Нага стал раздражителен, разочарован и обижен. Он знал, что ханская дочь никогда не будет его. Нагу пугали бесчисленные поклонники, которыми окружила девушку Жаклин. Пока еще Ания

отвергала одного за другим. А вдруг все же найдется мерзавец, который сумеет заинтересовать восточную принцессу? Будет ли она по–прежнему непреклонна? Строгое воспитание, конечно, могло сыграть свою роль, но…

Hare нездоровилось. Он заболел от безответной любви к Ание. Его не заботили исчезновение Калыка и бегство разбойников. Нагу разбирало раздражение на самого себя — жалкого слуги женщины- негодяйки, раздражение на покойного отца, оставившего его без средств к существованию и без положения в обществе, которое он должен был занимать по праву рождения. Обладай он сейчас всем тем, Ания принадлежала бы ему.

Пока Нага размышлял о превратностях судьбы, ноги сами привели его к дверям кабака. Приказчик был угодлив и осторожен с новичком.

— Не крути, любезный, — огрызнулся Нага. — Опий есть?

Приказчик развел руками. Разве он не знает, что курение опия и гашиша в городе запрещено? И откуда у него опий? Он законопослушный человек. Водки, пива, вина — сколько угодно, а вот опий…

Потом он все же завел Нагу в какую–то полутемную комнату и усадил в мягкое кресло. Приказчик тут же ушел, а вместо него появился слуга, который поставил на стоявший у кресла столик чилим .

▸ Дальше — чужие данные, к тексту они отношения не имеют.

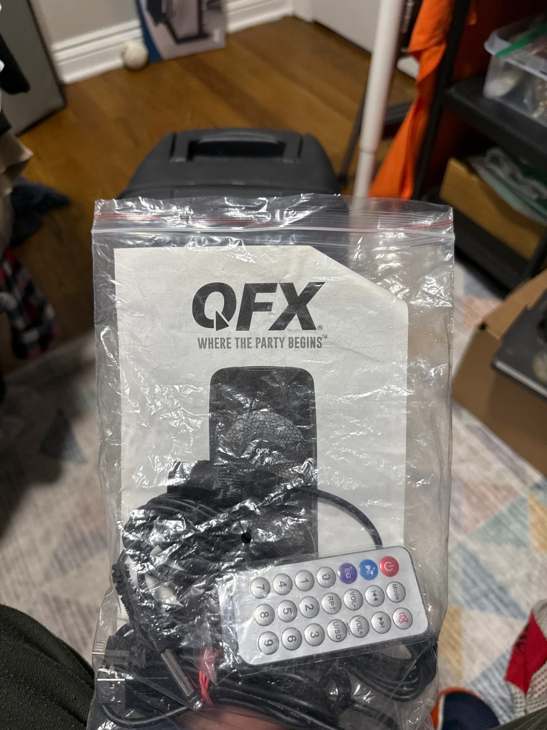 QFX portable speaker with dual 15-inch woofers and LED lights. Includes remote control, charging cable, and manual. It's perfect for parties and events! Offers Bluetooth, AUX, USB, and TF card connectivity.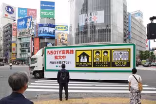 24 May 2021, Japan, Tokyo: A truck with the note "N501Y Coronavirus variation is spreading, please refrain from going outside!" drives around Shibuya Station in Tokyo. Four of these trucks organized by the Tokyo City Government to inform the public on t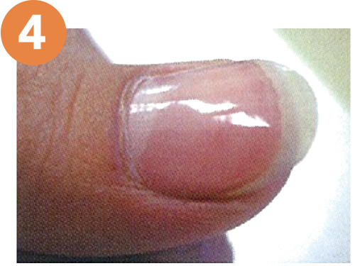 つめ磨きの裏面で爪の表面を整える様に(1本あたり5秒程度)軽く擦ります。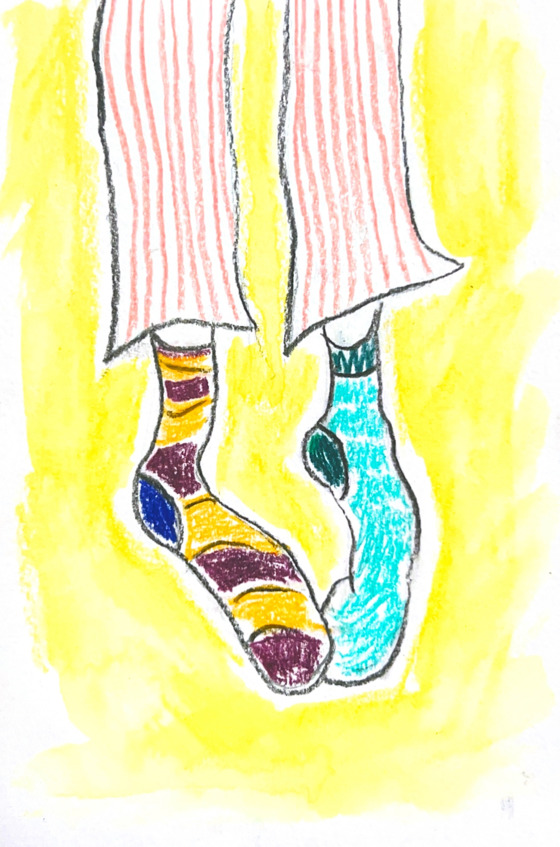 – У меня странная проблема – я каждый раз теряю один носок из пары после стирки. Я перепробовала все: считала их до и после стирки, складывала одиночные носки в секцию шкафчика с носками обратно, чтобы потом искать недостающий, но ничего не помогало. Носки только копились. Мой муж вообще не любит скопление носков-одиночек. Он сразу их выбрасывает. Говорит, что потерянный носок перед выходом на работу – это самая настоящая подстава со стороны негодяев-носков! Но мне так жалко эти носочки! Я завела специальных секретный ящик для носков-одиночек, чтобы им не было грустно. Розовый с желтым, зеленый с синим, розовый с фиолетовым. Даже черные мужские носки там соединяются с женскими подследниками. И никаких правил в комнате «свободных художников»! Могу надеть синий носок с красным, а зеленый с желтым. Смотри, вот еще записи в сообщениях: «Среда. Сижу в метро. Никто даже не подозревает, что на мне один голубой, а другой желтый носок.» Через час еще сообщение: «Так здорово иметь свой маленький секрет!». Такая, знаешь, беспечная шалость..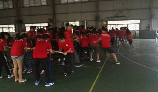 10:00分,在钟书记带领下,全体成员到达体育馆进行户外拓展培训活动之趣味运动会。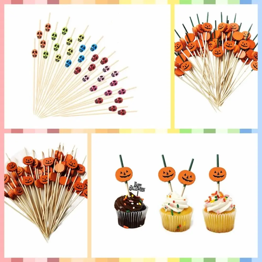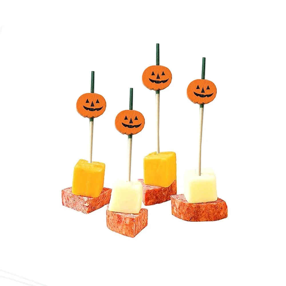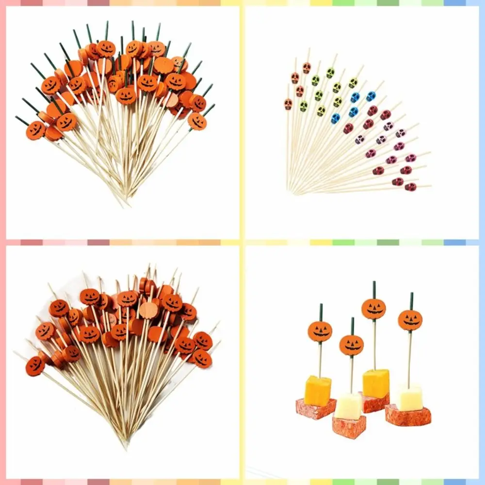 Multifunctional Hygienic Halloween Pumpkin Bamboo Skewers Natural Material Skull Bamboo Stick Smooth Surface Toothpick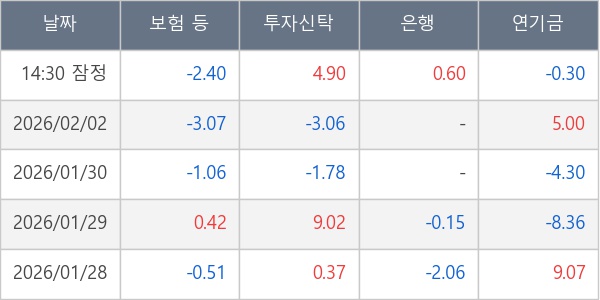 [표] 주요 기관별 순매매량 (단위 만주)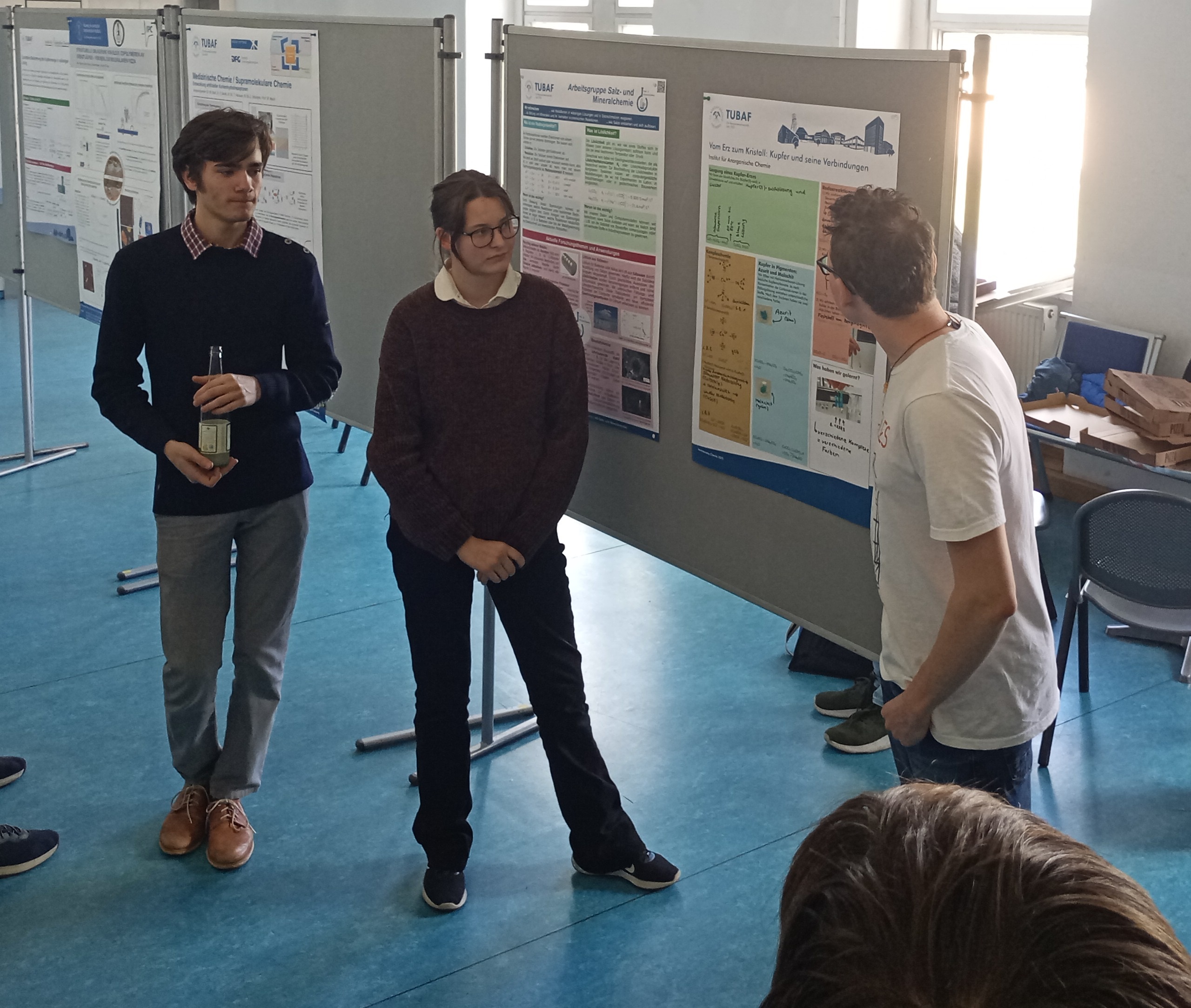 Zum Abschluss gab es am Samstagnachmittag eine Postersession. Die Schülerinnen und Schüler haben zu den in den Instituten durchgeführten Versuchen Poster angefertigt, die sie in der Postersession vorgestellt haben. Es wurden Poster zu Themen wie "Quantitative Bestimmung der Kupfermenge in wässriger Lösung", "Cu-Abscheidung und Oberflächenanalytik mittels AFM" und "Vom Erz zum Kristall: Kupfer und seine Verbindungen" erstellt. Dadurch konnten sich die Teilnehmer auch über die Versuche informieren, bei denen sie nicht selbst dabei waren.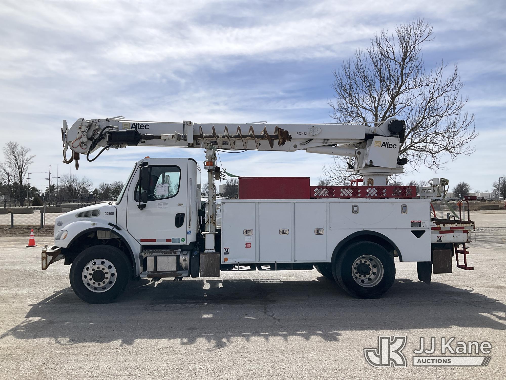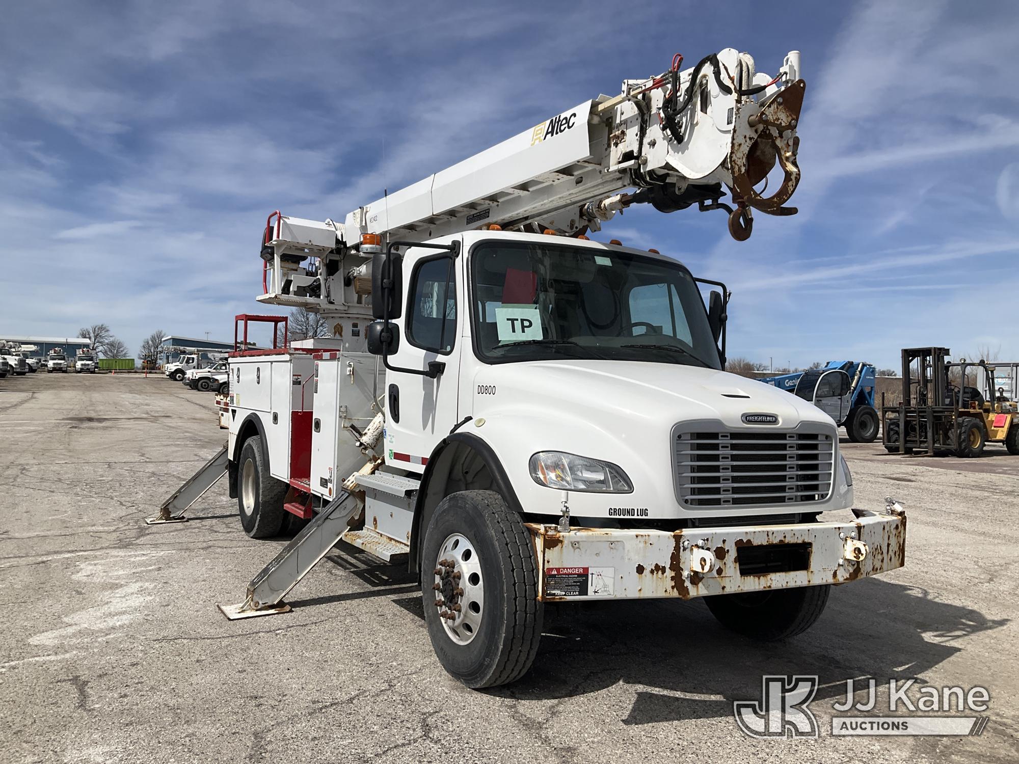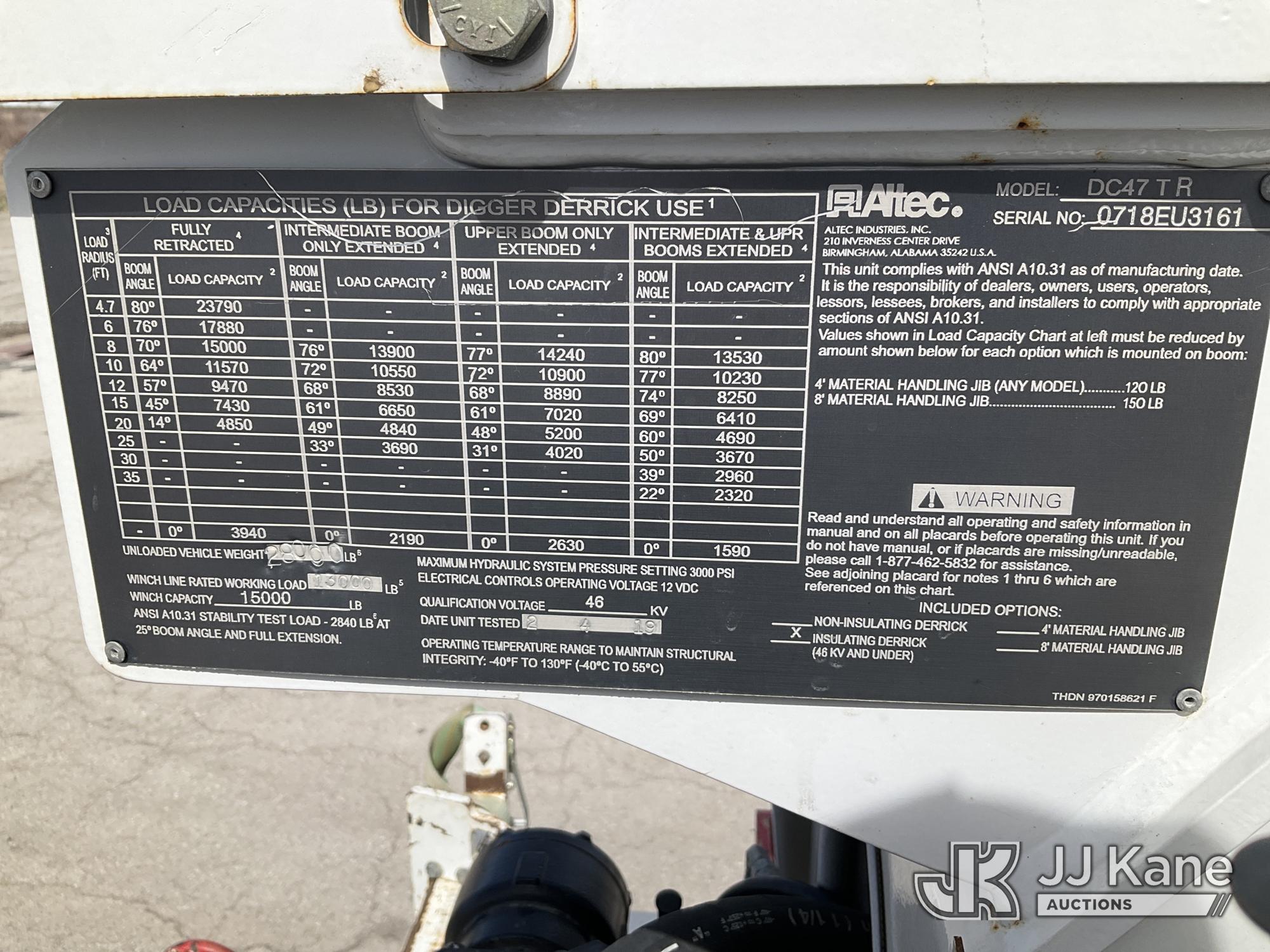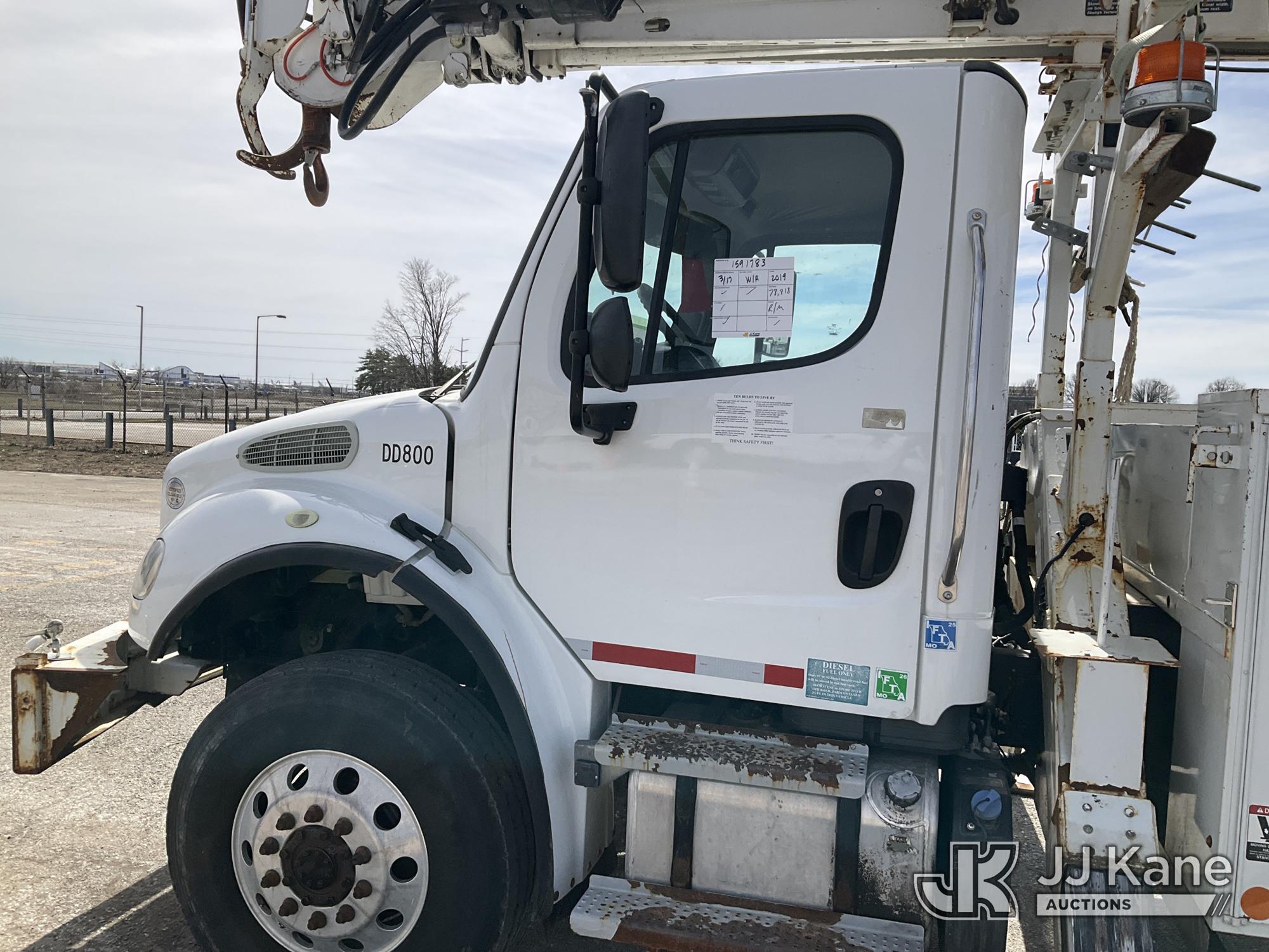 Altec DC47-TR, 23,790 Lb Digger Derrick s/n 0718EU3161, with 47 ft sheave height, 2 spd digger, heel winch, pole grabs, 4 hydraulic outriggers & riding console, rear mounted on 2019 Freightliner M2 106 Utility Truck, 6.7L diesel, 4X4, Auto, A/C, (78,818 miles) (Runs & Moves) (Wrench Light On Gear Selector, Do Not Operate, Rotation Bearing Has Damage & Needs Replaced) (Seller States: Has Bad PTO & Pump, Auger Bit & Turntable Cover Bent) (Reads 6,761 hours) This is a Titled Item*

Нага сидел в кресле и безучастным взглядом смотрел на похожий на пузатую куклу с маленькой головкой чилим. Он нет–нет да и протягивал к нему руку, и впрямь забавляясь чилимом, как уродливой куклой. Давно уже он не наслаждался курением опия…

Слуга раскрыл мешочек, не спеша заложил в головку чилима опий и, нагнувшись, дрожащей рукой зажег спичку. Зашипела, потом загорелась спичечная головка, и вот вспыхнуло синеватое пламя.

Нага поднес ко рту длинный мундштук. Когда в чилиме заклокотала вода, он затянулся три–четыре раза, да так сильно, что опий вспыхнул, и из головки чилима вылетело пламя.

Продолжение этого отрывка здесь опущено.